37th Division is little known. It has no divisional history. But under Williams it became a first-class formation, an achievement that was considerably assisted by his GSO1, Lieutenant-Colonel John Dill. 37th Division was heavily engaged in 1917, both at Arras and Third Ypres. It played a key part in the defence of Rossignol Wood during the German spring offensive of 1918. The division remained in Lieutenant-General Sir Montague Harper’s IV Corps for the rest of the war and was almost constantly engaged with the enemy from 21 August to the Armistice.

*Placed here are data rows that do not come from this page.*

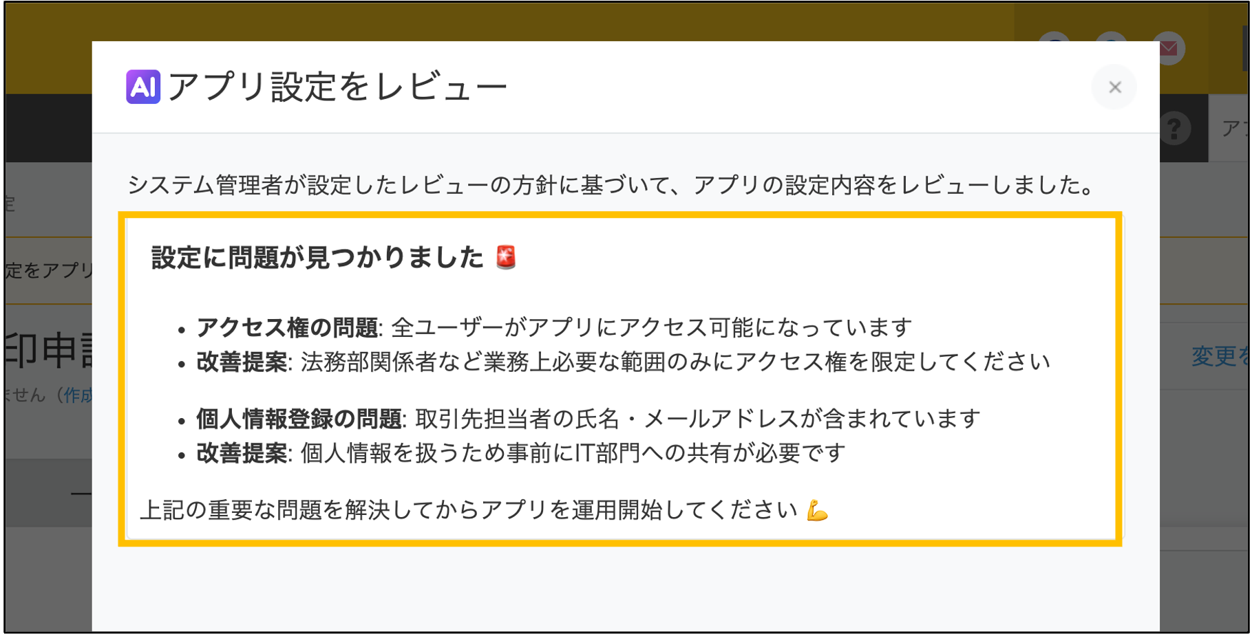 機能が有効なとき、アプリ設定画面上に「アプリ設定をレビュー」ボタンが表示され、クリックするとAIによるレビューが実施されます。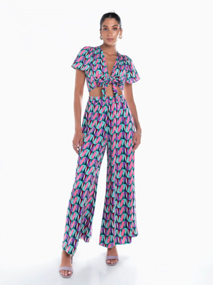 Conjunto fluído estampado geométrico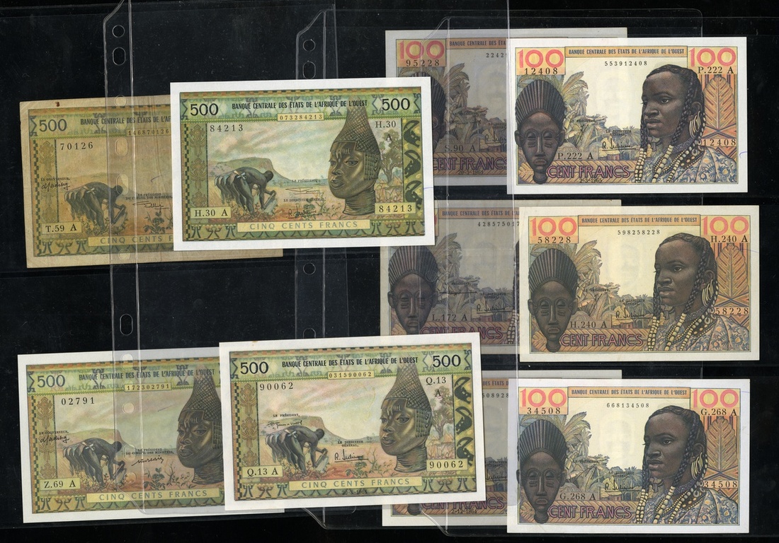 West African States. Banque Centrale des États de l'Afrique de l'Ouest. Country Code A for Ivory Coast. 100 Francs. 1961, 1964, 1965, ND. P-101Aa, b, d, e, f, g. Woman, her hair in braids, at right, mask at left; Woman with artifact on back. The second EF, the third AU, the others Uncirculated; 500 Francs. 1961, ND. P-102Ab, f, k, l. Mask at right, fieldworkers left; Woman wearing kerchief, mechanized plowing on back. Unc., EF, Fine-About VF, and Unc. [10]
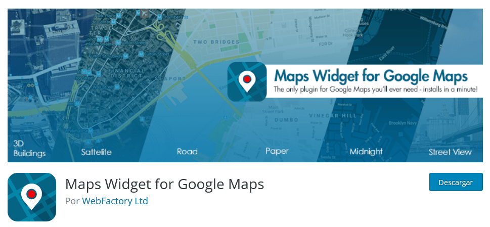 Por último, pero no menos importante, Google Maps widget es uno de los mejores plugins de Google Maps para WordPress. La configuración de este plugin en particular es extremadamente sencilla. Te permite incluir mapas en tamaño pequeño en la barra lateral de WordPress, que los visitantes pueden ampliar con un clic.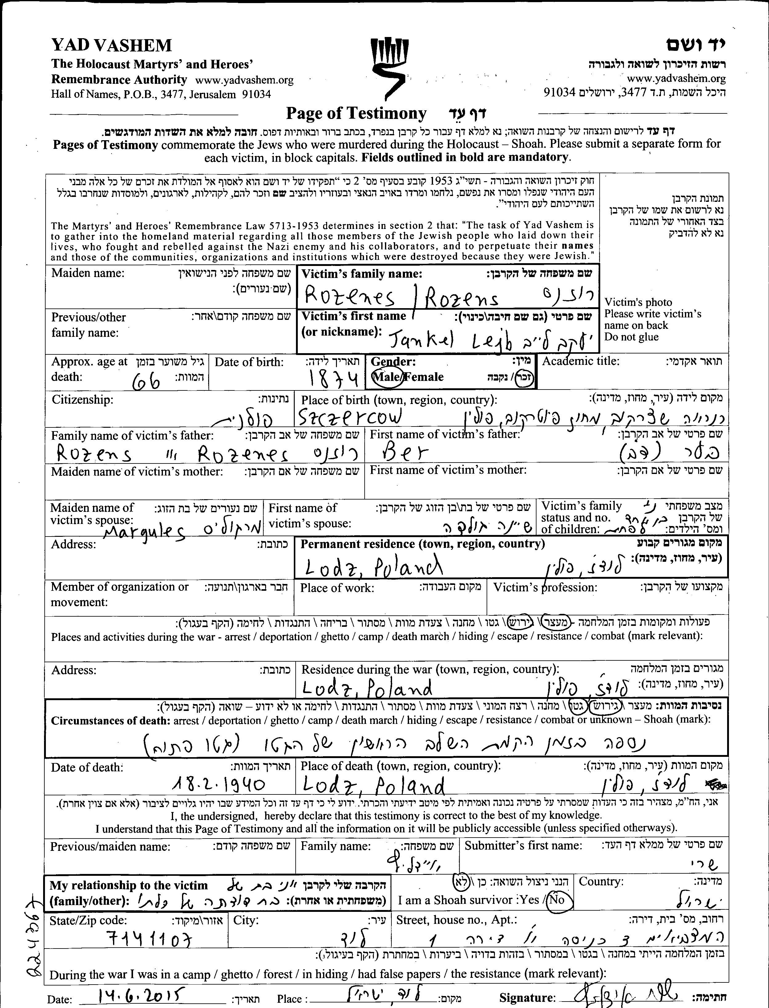Янкель Лейб Розенес, место рождения: Щерцув, Польша. Отец: Бер Дов. Женат / замужем. Место жительства до войны: Лодзь, Польша. Место во время войны: Лодзь, Польша.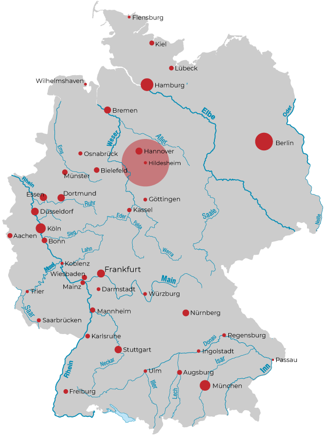 Heute ist Hildesheim mit fast 104.000 Einwohnern in zehn Ortschaften eine Kreisstadt des Landkreises Hildesheim, ein Oberzentrum Niedersachsens und dessen kleinste Großstadt.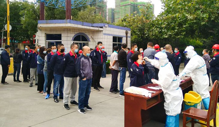 受青島疫情影響,為防止疫情擴(kuò)散傳播,2020年10月13日上午,宏泰接同和黨委通知,在公司臨時(shí)設(shè)立核酸檢測點(diǎn),為員工進(jìn)行核酸檢測。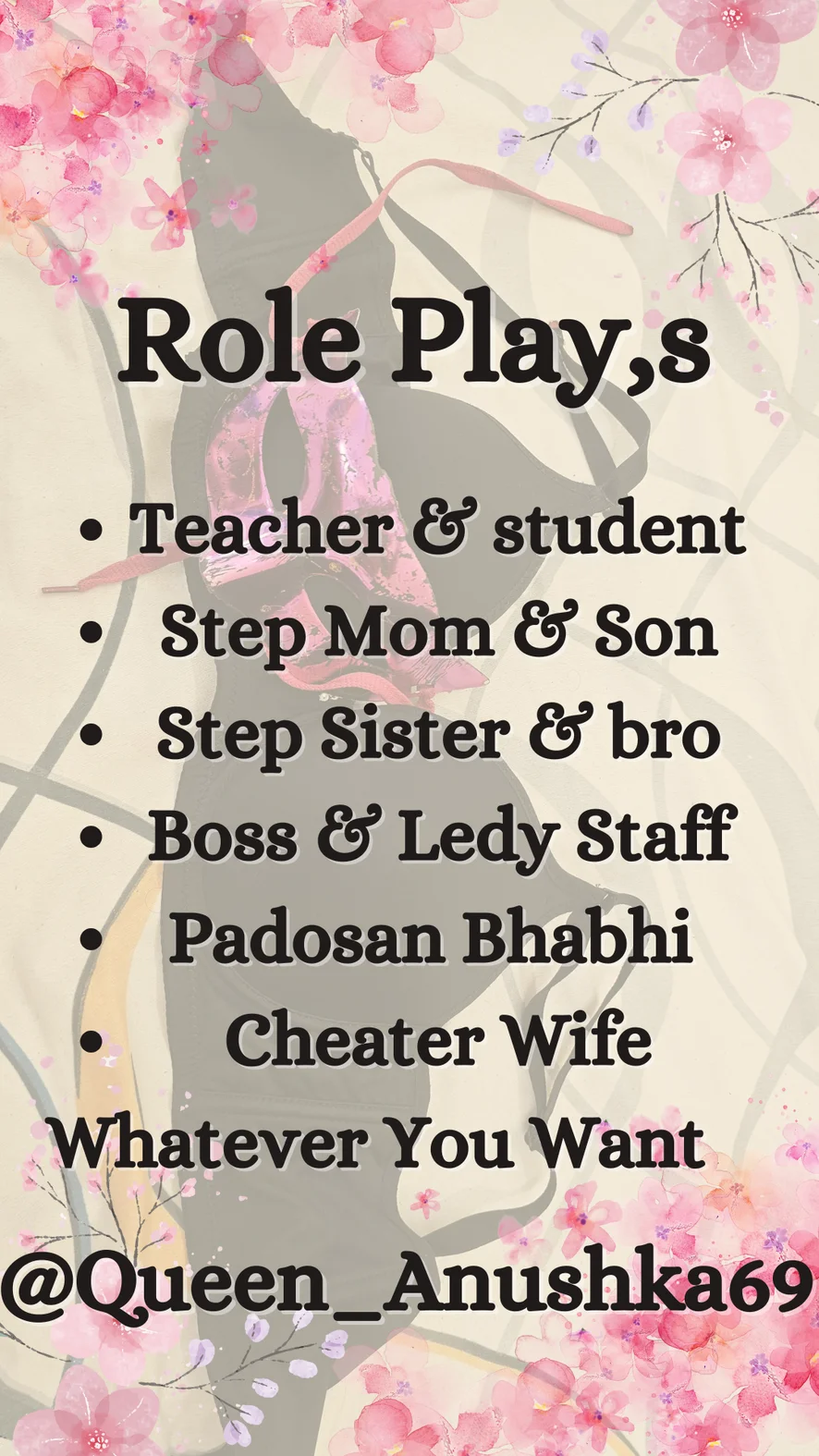 Мастурбація, Демонстрація геніталій, Камшот, Мінет, Брудні розмови, Мастурбація рукою, Поза вершниці, Глибоке горло, Догі-стайл, Жорсткий секс, Приниження, Поцілунки

Two years of combat finally seems to have slaked Williams’s desire for action and fame. He declined further appointments and retired from the army on 23 January 1923. During the inter-war period he showed himself to be ‘an able writer and one of the most lucid reviewers of military works’. He was President of the Council of the Institution of Royal Engineers from 1935 until 1938. During the Second World War he raised a battalion of the Home Guard in Sussex.
Bruce Williams was a striking personality in the Ivor Maxse mould. He had boundless energy. He would not accept second best. He was a demanding taskmaster. He had an explosive temper that he himself recognised sometimes went too far. Critics found him blustering, nitpicking and fault finding.[2] By the end of the war he was the eleventh longest serving British divisional commander. He was also one of the best.
[1] Williams assumed by deed poll the surname ‘Bruce-Williams’ in 1920. ‘Bruce’ was his mother’s maiden name.
[2] See the comments by Brigadier-General Sir Archibald Home, Diary of a World War I Cavalry Officer (Tunbridge Wells: Costello, 1985), p. 78.